Heretics of Dune by Frank Herbert

Taraza entered through the gossamer hangings. She appeared tired, he thought. He found this remarkable because the Sisters were capable of concealing fatigue until almost ready to drop. Was she actually low in energy or was this another gesture for hidden observers?

Pausing just into the room, Taraza studied Teg. The Bashar appeared much older than when she had last seen him, Taraza thought. Duty on Gammu was having its effect, but she found this reassuring. Teg was doing his job.

“Your quick response is appreciated, Miles,” she said.

Appreciated! Their agreed word for “We are being watched secretly by a dangerous foe.”

Teg nodded while his gaze went to the hangings where Taraza had entered.

Taraza smiled and moved farther into the room. No signs of the melange cycle in Teg, she observed. Teg’s advanced years always raised the suspicion that he might resort to the leavening effect of the spice. Nothing about him revealed even the faintest hint of the melange addiction that even the strongest sometimes turned to when they felt their end approaching. Teg wore his old uniform jacket of Supreme Bashar but without the gold starbursts at shoulder and collar. This was a signal she recognized. He said: “Remember how I earned this in your service. I have not failed you this time, either.”

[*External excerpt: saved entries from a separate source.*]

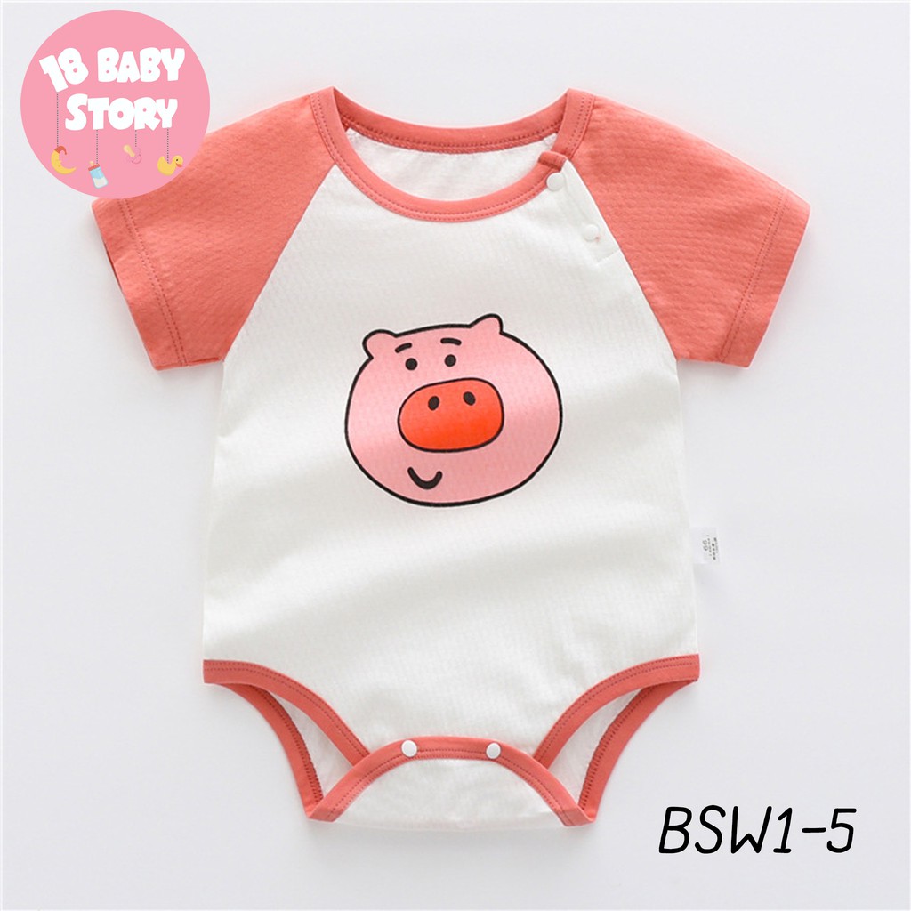 (ล้างสต๊อก)(รุ่นผ้านิ่มสบาย)ชุดเด็กอ่อน บอดี้สูทเด็ก เสื้อผ้าเด็ก แขนสั้น ขาว้าว ชุดหมี(BSW1 ลิงค์1)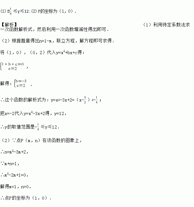 (2)已知点P(m,n)在该函数的图象上,且m+n=1,求点P的坐标.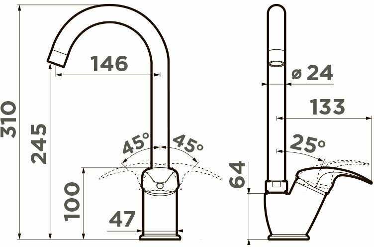 Смеситель оптимально подходит для жестяных и эмалированных моек стандартного размера. Высота излива позволяет комфортно работать с высокой посудой, такой как кастрюли и чайники. Конструкция крепления универсальна и подходит для большинства типов кухонных моек. Особенно хорошо смеситель проявляет себя на мойках старого образца благодаря своей компактности. -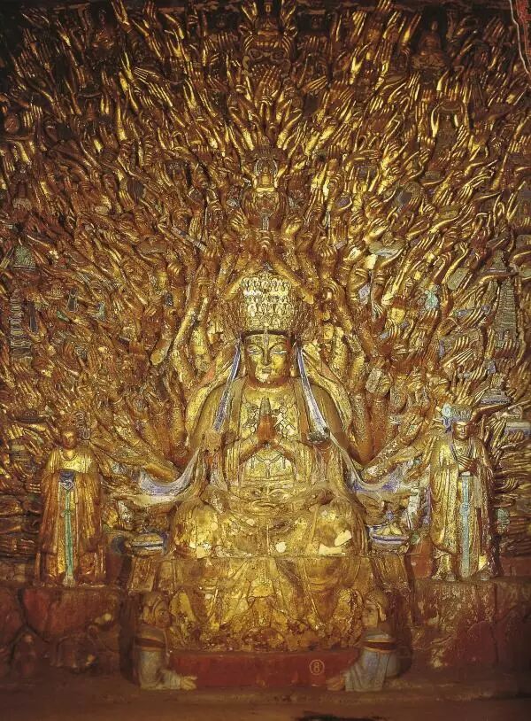况且整个宝顶山摩崖造像群,乃至整个大足石刻都是一个整体。如果此尊千手观音修复得焕然一新,那么石窟的其它部分怎么办?其它大足石刻造像又怎么办?是不是都要修成金光灿灿的样子?如果整个大足石刻都金光灿灿,能够想象将会是什么样子吗?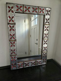Syrian Pewter Brass With Enamel Red Flowers Over A Solid Wood Frame Mirror$200New Haven, CT

The eyes that studied her were level; no hint of judgment escaped them. His entire appearance spoke of quiet within, everything at variance with what she knew must be occurring in him at this moment. He awaited her signal.

“Our ghola must be awakened at the first opportunity,” she said. She waved a hand to silence him as he started to respond. “I have seen Lucilla’s reports and I know he is too young. But we are required to act.”

She spoke for the watchers, he realized. Were her words to be believed?

“I now give you the order to awaken him,” she said and she flexed her left wrist in the confirmation gesture of their secret language.

It was true! Teg glanced at the hangings that concealed the passage where Taraza had entered. Who was it listening there?

He put his Mentat talents to the problem. There were missing pieces but that did not stop him. A Mentat could work without certain pieces if he had enough to create a pattern. Sometimes, the sketchiest outline was enough. It supplied the hidden shape and then he could fit the missing pieces to complete a whole. Mentats seldom had all the data they might desire, but he was trained to sense patterns, to recognize systems and wholeness. Teg reminded himself now that he also had been trained in the ultimate military sense: You trained a recruit to train a weapon, to aim the weapon correctly.

Taraza was aiming him. His assessment of their situation had been confirmed.

“Desperate attempts will be made to kill or capture our ghola before you can awaken him,” she said.

He recognized her tone: the coldly analytic offering of data to a Mentat. She saw that he was in Mentat mode, then.

The Mentat pattern-search rolled through his mind. First, there was the Sisterhood’s design for the ghola, largely unknown to him, but ranging somehow around the presence of a young female on Rakis who (so they said) could command worms. Idaho gholas: charming persona and with something else that had made the Tyrant and the Tleilaxu repeat him countless times. Duncans by the shipload! What service did this ghola provide that the Tyrant had not let him remain among the dead? And the Tleilaxu: They had decanted Duncan Idaho gholas from their axlotl tanks for millennia, even after the death of the Tyrant. The Tleilaxu had sold this ghola to the Sisterhood twelve times and the Sisterhood had paid in the hardest currency: melange from their own precious stores. Why did the Tleilaxu accept in payment something they produced so copiously? Obvious: to deplete the Sisterhood’s supplies. A special form of greed there. The Tleilaxu were buying supremacy — a power game!

Teg focused on the quietly waiting Mother Superior. “The Tleilaxu have been killing our gholas to control our timing,” he said.

Taraza nodded but did not speak. So there was more. Once again, he fell into Mentat mode.